Inside Fraternity and Sorority Members' Legal Battle with USC
Public colleges and universities are generally bound by the federal and state constitutions in ways that private schools are not. In California, however, a state law popularly known as the “Leonard Law” prohibits non-religious private schools from disciplining students for speech that would otherwise be protected by “the First Amendment to the United States Constitution or Section 2 of Article I of the California Constitution.” Controversy has arisen in recent years over whether the Leonard Law also protects the free-association rights of students at California’s private universities.
The dispute began in 2018 when the University of Southern California, a private university, implemented a deferred-recruitment policy for Greek-life organizations. According to the policy, students who wished to participate in Greek-organization recruitment were required to complete “a minimum of 12 academic units” and maintain “a minimum USC grade point average of 2.5,” effectively disqualifying first-semester freshmen. Ainsley Carry, USC’s then-vice president of student affairs, wrote that the policy would give students “time to acclimate to the university’s academic and social climate.”

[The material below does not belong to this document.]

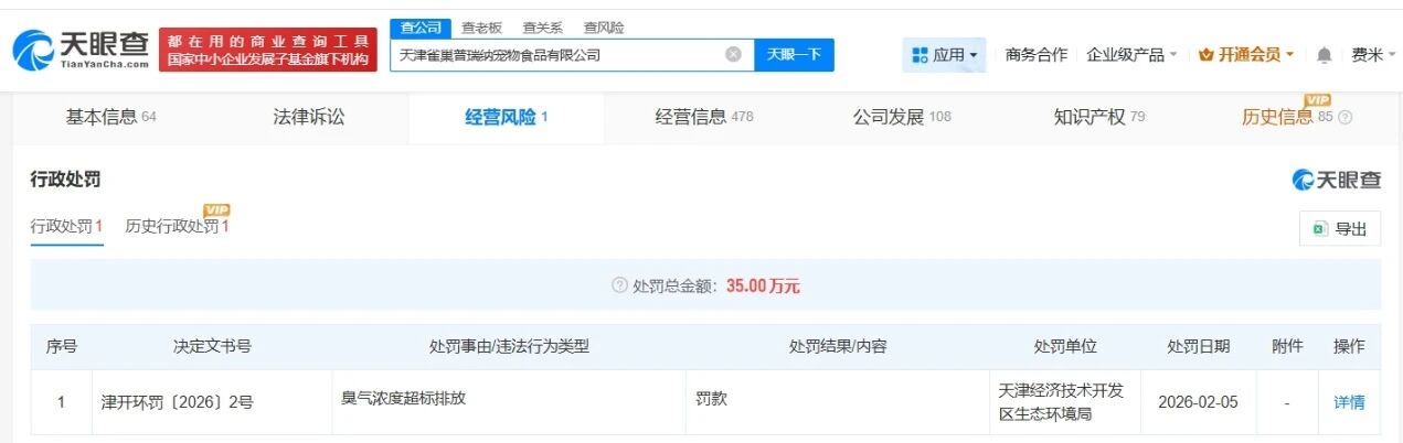 天眼查经营风险信息显示,近日,天津雀巢普瑞纳宠物食品有限公司因臭气浓度超标排放,被天津经济技术开发区生态环境局罚款35万元。
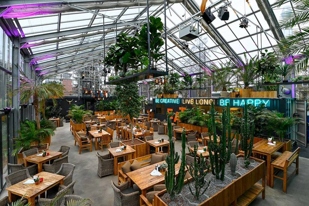 L’ambiance moderne et détendue du bar et du salon ajoute à cette sensation de vacances, accompagnée le week-end par des soirées DJ. Les tables offrent des places assises spacieuses et ouvertes, parfaites pour les groupes comme pour les couples. Comme son nom l’indique, une véritable « ambiance de serre » vous attend ici : une oasis urbaine et exotique au milieu du quotidien.

Carry was not always willing to restrict students’ associational freedoms in pursuit of such goals. In a 2014 memo, Carry argued that “the ability to freely associate is a right guaranteed to students via the U.S. Constitution. Placing restrictions on when and who fraternal groups are allowed to recruit infringes on the rights of all students.” By 2018, he had changed his mind just as the university had finished a new residential complex for freshmen.
Greek groups pushed back on the deferred-recruitment policy in court. In July 2018, four USC fraternities and one sorority filed a lawsuit against the university, alleging the deferred-recruitment policy violated students’ constitutional rights. They disputed USC’s claim that the policy would improve freshmen students’ academic performance and claimed that such arguments shouldn’t matter, anyway, in a dispute over constitutional freedoms.
“Even if a first-year sorority or fraternity member has a lower GPA than other first-year students, this is not a justification for denying their constitutional rights to freely associate,” the plaintiffs argued.
Attorney Tim Burke of Fraternal Law Partners, a law firm that counsels Greek and other student-life organizations, wrote that the students’ claims of constitutional injury wouldn’t hold water in most other states but were more plausible in California because of its Leonard Law.
The case was initially dismissed in November 2018 by the Superior Court of Los Angeles County on the grounds that USC’s actions were not shown to be “disciplinary” in nature, as required by statute, and that the Leonard Law didn’t protect freedom of association.
“Just as it is clear from the plain language of the [Leonard] statute that it does not apply to the right of petition, it is equally clear from the plain language of the statute that it does not apply to the right of association since the statute says nothing about the right of association just as it says nothing about the right of petition,” the court ruled, citing its reasoning in an earlier case.
The L.A. court’s ruling was overturned the following year by California’s Second Appellate Court, which disagreed with its interpretation of the Leonard statute. The Second Appellate Court held that the law granted student groups the right to assert the “expressive associational interests of their members” and allowed the case to proceed. The court nevertheless cautioned the students that they were unlikely to prevail.
“We do not believe it is likely plaintiffs will prevail, but they must have their opportunity to make their case,” the court wrote in an unofficial opinion.
The court’s opinion proved prescient when Judge Teresa Beaudet of the L.A. Superior Court granted USC’s motion for summary judgment in October 2020, bringing the matter to a close.
What effect did the policy and associated legal battle have on students’ perception of their associational freedoms? In 2020, RealClearEducation commissioned a survey of more than 4,500 students involved in Greek organizations at over 500 colleges and universities around the country, including USC.
Some of the findings from USC respondents were striking. For example, 69 percent of surveyed Greek-involved students at USC felt that all student groups were not treated equally by the administration. Seventy-eight percent felt that there was at least some pressure for their group to be kicked off campus. Sixty percent were not confident in the future of Greek life on campus.
Given the relatively small sample size of USC students included in the survey (23), the results of the survey cannot be said to represent the experience of all Greek-involved students at the school. Still, argues Zach Greenberg of the Foundation for Individual Rights in Education (FIRE), the results point to the work that private universities like USC need to do to assure students that their rights will be protected.
“[M]any private universities promise their Greek organizations the same due process, expressive, and associational rights as other student groups. These universities should strive to uphold their clear, written commitments to protect the rights of their fraternities and sororities,” Greenberg said.
A USC spokesman declined to comment on this story but directed RealClearEducation to the “Diversity, Equity, and Inclusion” section of the university’s “Unifying Values” page. The university’s deferred-recruitment policy for Greek organizations remains in place.